I have always wanted to understand what makes one programming language faster than another. The problem is that in order to know this, one must understand in detail how the specific programming language one wishes to study is implemented. This is often a complicated task, as there are millions of books that explain the basics of the syntax of a programming language, but there are hardly any books that explain the technical and theoretical details behind the design of a language. Generally, to acquire this knowledge, one must have spent a lot of time programming in that language, get to know the project from within, read thousands of blogs and questions and answers on Stack Overflow, etc.
I’ve always found this to be a pity because I believe that the fundamental technical aspects behind a programming language can be summarized in about a hundred pages. This would drastically accelerate the path to becoming an ‘expert’ in that language. I don’t aim for such a thing with this blog, but in the case of the Julia project, although it lacks such a book, it is possible to find references that concentrate and describe the fundamental aspects behind the language design. On the other hand, the fact that it is a language oriented towards performance makes it ideal for studying.
Julia Implementation
Julia is designed to generate efficient native code during runtime. The Julia compiler is an optimizing just-in-time compiler structured in three phases:
- Source code is first parsed into abstract syntax trees [2].
- Those trees are then lowered into an intermediate representation that is used for Julia level optimizations.
- Once those optimizations are complete, the code is translated into LLVM IR and machine code is generated by LLVM.
With the exception of the standard library which is pre-compiled, all Julia code executed by a running program is compiled on demand.

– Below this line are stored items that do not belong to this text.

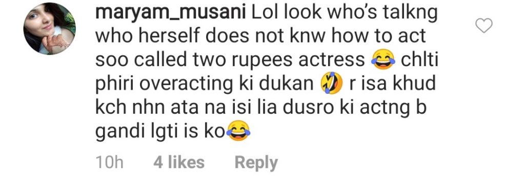 Hina Altaf who herself is an average actress commenting on Muneeb Butt's acting..irony!
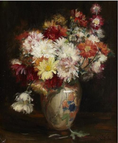CHRYSANTHEMUMS IN A PAINTED VASE
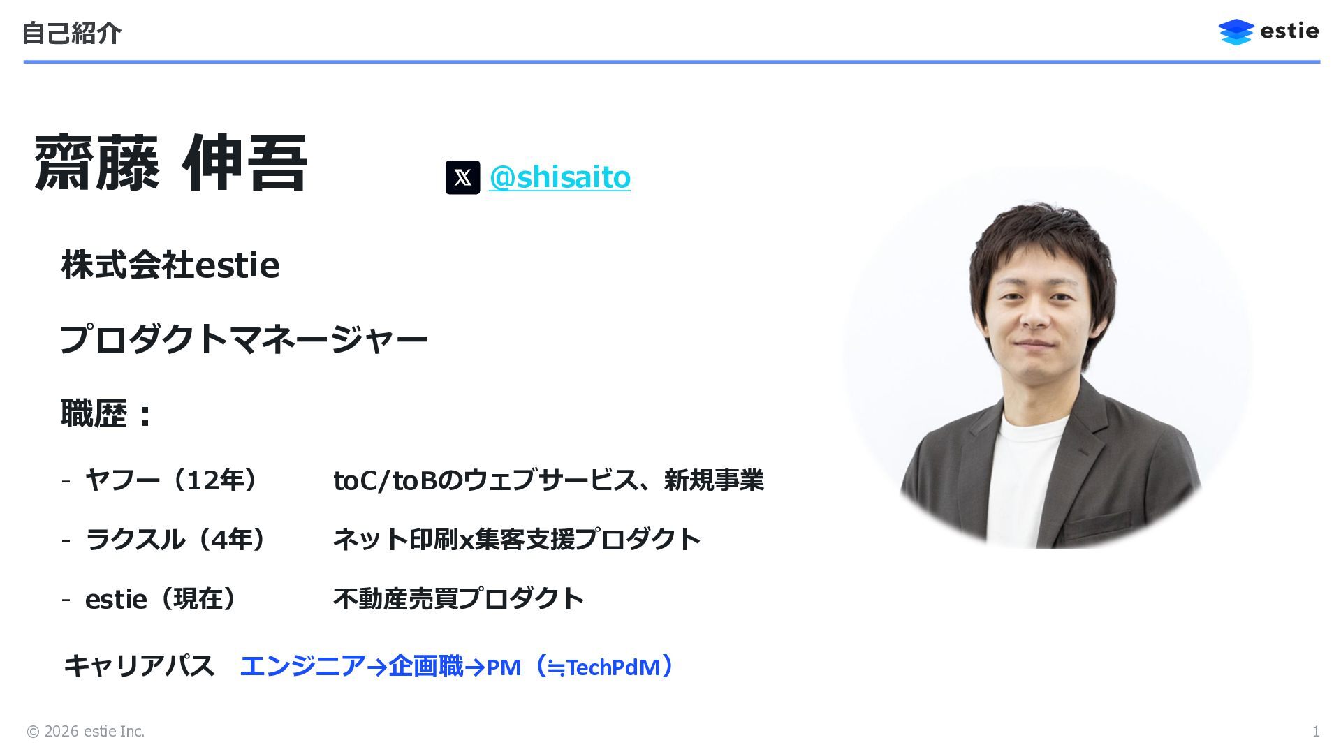 © 2026 estie Inc. 自己紹介 1 齋藤 伸吾 @shisaito 株式会社estie
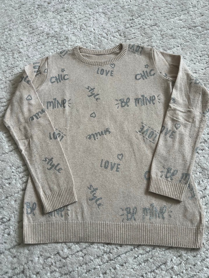 Bej renkte, uzun kollu ve bol kesim triko kazak. Üzerinde LOVE, CHIC gibi baskılar bulunur ve yuvarlak yakaya sahiptir. Günlük kullanıma uygundur.
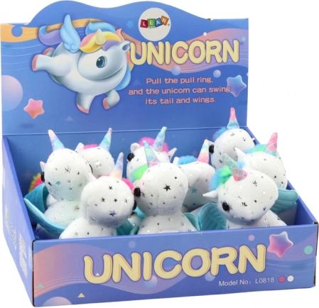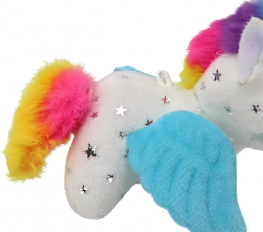 Lépj be a varázslat világába ezzel a plüss unikornissal, amelyet a gyerekek első érintésre megszeretnek. A puha fehér bunda ezüst csillagokkal, a színes sörény és farok, valamint a bájos kék szárnyacskák egyedi varázst kölcsönöznek a játéknak. A zsinór felhúzása után az unikornis ugrálva mozog és csóválja a farkát, így a móka sosem ér véget.

The compiler is relatively simple: it is a method-based JIT without compilation tiers; once methods are compiled they are not changed as Julia does not support deoptimization with on-stack replacement.
Memory is managed by a stop-the-world, non-moving, markand-sweep garbage collector [3,4]. The mark phase can be executed in parallel. The collector has a single old generation for objects that survive a number of cycles. It uses a shadow stack to record pointers in order to be precise.
Method Specialization
Julia’s compilation strategy relies on runtime type information: Every time a method is called with a new tuple of argument types, the method is specialized to these specific types. These are the advantage of such a strategy:
-
Optimizing methods at invocation time in Julia provides the Just-In-Time (JIT) compiler with important information, such as the known memory layout of all arguments. This enables optimizations like unboxing and direct field access.
-
Specialization in Julia allows for devirtualization, which replaces method dispatch with direct calls to a specialized method. This replacement reduces dispatch overhead and enables inlining, leading to improved performance.

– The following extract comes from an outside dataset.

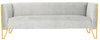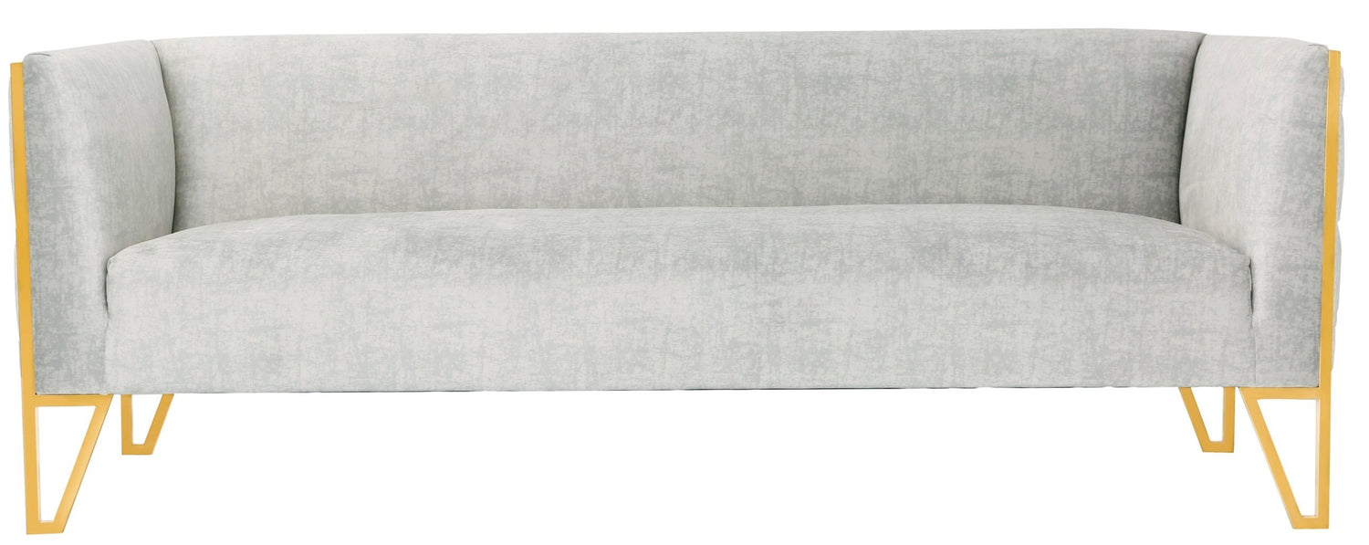 Dynamic. Contemporary. Upscale. Freshen up your living space with the Vector Sofa. Featuring a subtly geometric frame and open cutout feet, the design combines clean architectural lines with posh texture for an eye catching look. Rows of deep button tufts accentuate either end of the sofa, emphasizing the plush cushioning beneath its tailored velvet upholstery. It’s luxe polished brass finish perfects the look. Coordinate with the matching Vector Accent Chair for a stylish update to your decor.

The biggest disadvantage of method specialization is that the compilation process can be slow. To address this issue, the results are cached, and methods are only compiled the first time they are called with a new type.
Type inference
The design of the type system is one of the most subtle aspects and a key reason for its efficiency. On one hand, it possesses a rich typing structure, but at the same time, it is not overly complex as this could hinder and complicate the compiler’s task of code optimization.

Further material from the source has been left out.